*Data provided*
........

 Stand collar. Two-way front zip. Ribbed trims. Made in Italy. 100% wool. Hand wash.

........

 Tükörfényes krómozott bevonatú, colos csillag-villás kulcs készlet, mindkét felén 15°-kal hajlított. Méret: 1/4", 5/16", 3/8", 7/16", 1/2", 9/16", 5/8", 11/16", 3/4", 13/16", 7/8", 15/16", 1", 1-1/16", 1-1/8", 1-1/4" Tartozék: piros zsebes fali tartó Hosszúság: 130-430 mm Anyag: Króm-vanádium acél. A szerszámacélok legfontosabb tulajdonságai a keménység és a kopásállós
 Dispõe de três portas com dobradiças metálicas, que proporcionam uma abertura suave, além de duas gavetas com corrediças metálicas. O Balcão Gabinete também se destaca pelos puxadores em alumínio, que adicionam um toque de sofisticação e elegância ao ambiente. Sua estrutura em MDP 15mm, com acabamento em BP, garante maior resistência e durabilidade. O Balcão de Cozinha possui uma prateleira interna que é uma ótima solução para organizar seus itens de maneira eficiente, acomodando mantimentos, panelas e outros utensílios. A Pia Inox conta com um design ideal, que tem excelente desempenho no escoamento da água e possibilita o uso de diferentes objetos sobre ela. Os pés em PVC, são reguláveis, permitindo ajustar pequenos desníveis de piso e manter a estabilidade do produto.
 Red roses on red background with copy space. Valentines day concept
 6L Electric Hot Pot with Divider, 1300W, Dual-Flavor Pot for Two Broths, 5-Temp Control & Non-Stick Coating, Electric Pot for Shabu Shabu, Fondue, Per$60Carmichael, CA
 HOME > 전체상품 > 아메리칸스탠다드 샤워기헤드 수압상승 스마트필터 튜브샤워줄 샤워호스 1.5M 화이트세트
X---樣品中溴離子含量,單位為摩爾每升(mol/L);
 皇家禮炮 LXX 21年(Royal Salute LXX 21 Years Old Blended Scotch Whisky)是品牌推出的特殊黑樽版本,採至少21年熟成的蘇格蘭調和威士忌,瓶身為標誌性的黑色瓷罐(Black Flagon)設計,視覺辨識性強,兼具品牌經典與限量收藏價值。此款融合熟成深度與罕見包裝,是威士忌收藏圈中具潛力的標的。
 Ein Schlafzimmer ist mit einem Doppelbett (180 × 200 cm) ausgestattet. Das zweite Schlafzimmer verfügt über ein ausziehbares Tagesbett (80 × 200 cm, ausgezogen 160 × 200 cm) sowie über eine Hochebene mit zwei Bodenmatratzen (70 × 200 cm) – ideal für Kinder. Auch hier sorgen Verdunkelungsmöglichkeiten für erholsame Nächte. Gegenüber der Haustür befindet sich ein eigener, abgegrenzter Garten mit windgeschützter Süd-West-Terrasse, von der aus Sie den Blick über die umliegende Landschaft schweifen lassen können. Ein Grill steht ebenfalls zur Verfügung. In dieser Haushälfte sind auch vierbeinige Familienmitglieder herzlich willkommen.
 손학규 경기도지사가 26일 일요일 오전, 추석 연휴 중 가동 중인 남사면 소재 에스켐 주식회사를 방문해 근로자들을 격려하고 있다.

........

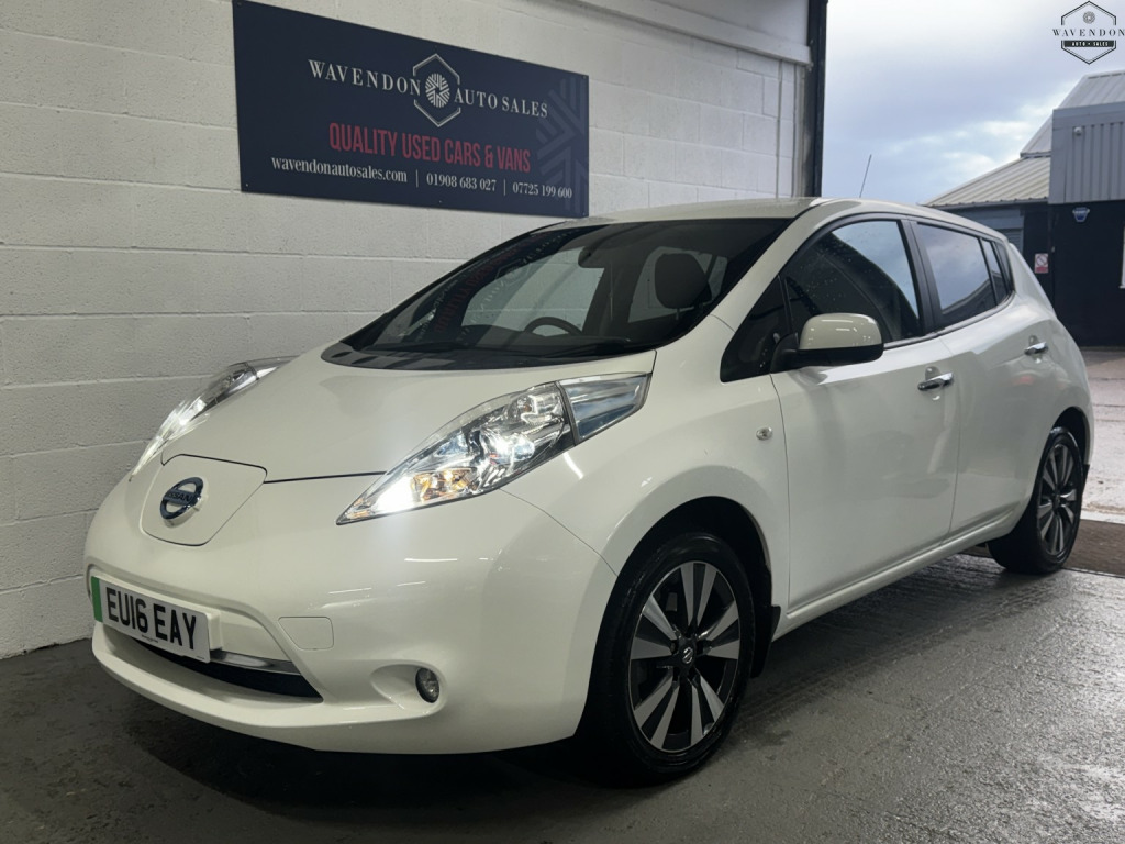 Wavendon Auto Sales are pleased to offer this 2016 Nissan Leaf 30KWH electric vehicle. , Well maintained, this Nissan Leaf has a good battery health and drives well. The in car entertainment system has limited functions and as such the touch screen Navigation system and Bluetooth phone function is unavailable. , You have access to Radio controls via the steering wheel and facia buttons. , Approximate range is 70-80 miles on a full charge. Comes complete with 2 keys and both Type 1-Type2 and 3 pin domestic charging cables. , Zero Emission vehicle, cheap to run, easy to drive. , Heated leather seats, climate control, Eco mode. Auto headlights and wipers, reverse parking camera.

........

*Work request*
Transcribe the records above exactly, beginning at the line that contains "Red roses on" and ending with the line that contains "손학규 경기도지사가 26일", both included, and nothing else.

*Written solution*
 Red roses on red background with copy space. Valentines day concept
 6L Electric Hot Pot with Divider, 1300W, Dual-Flavor Pot for Two Broths, 5-Temp Control & Non-Stick Coating, Electric Pot for Shabu Shabu, Fondue, Per$60Carmichael, CA
 HOME > 전체상품 > 아메리칸스탠다드 샤워기헤드 수압상승 스마트필터 튜브샤워줄 샤워호스 1.5M 화이트세트
X---樣品中溴離子含量,單位為摩爾每升(mol/L);
 皇家禮炮 LXX 21年(Royal Salute LXX 21 Years Old Blended Scotch Whisky)是品牌推出的特殊黑樽版本,採至少21年熟成的蘇格蘭調和威士忌,瓶身為標誌性的黑色瓷罐(Black Flagon)設計,視覺辨識性強,兼具品牌經典與限量收藏價值。此款融合熟成深度與罕見包裝,是威士忌收藏圈中具潛力的標的。
 Ein Schlafzimmer ist mit einem Doppelbett (180 × 200 cm) ausgestattet. Das zweite Schlafzimmer verfügt über ein ausziehbares Tagesbett (80 × 200 cm, ausgezogen 160 × 200 cm) sowie über eine Hochebene mit zwei Bodenmatratzen (70 × 200 cm) – ideal für Kinder. Auch hier sorgen Verdunkelungsmöglichkeiten für erholsame Nächte. Gegenüber der Haustür befindet sich ein eigener, abgegrenzter Garten mit windgeschützter Süd-West-Terrasse, von der aus Sie den Blick über die umliegende Landschaft schweifen lassen können. Ein Grill steht ebenfalls zur Verfügung. In dieser Haushälfte sind auch vierbeinige Familienmitglieder herzlich willkommen.
 손학규 경기도지사가 26일 일요일 오전, 추석 연휴 중 가동 중인 남사면 소재 에스켐 주식회사를 방문해 근로자들을 격려하고 있다.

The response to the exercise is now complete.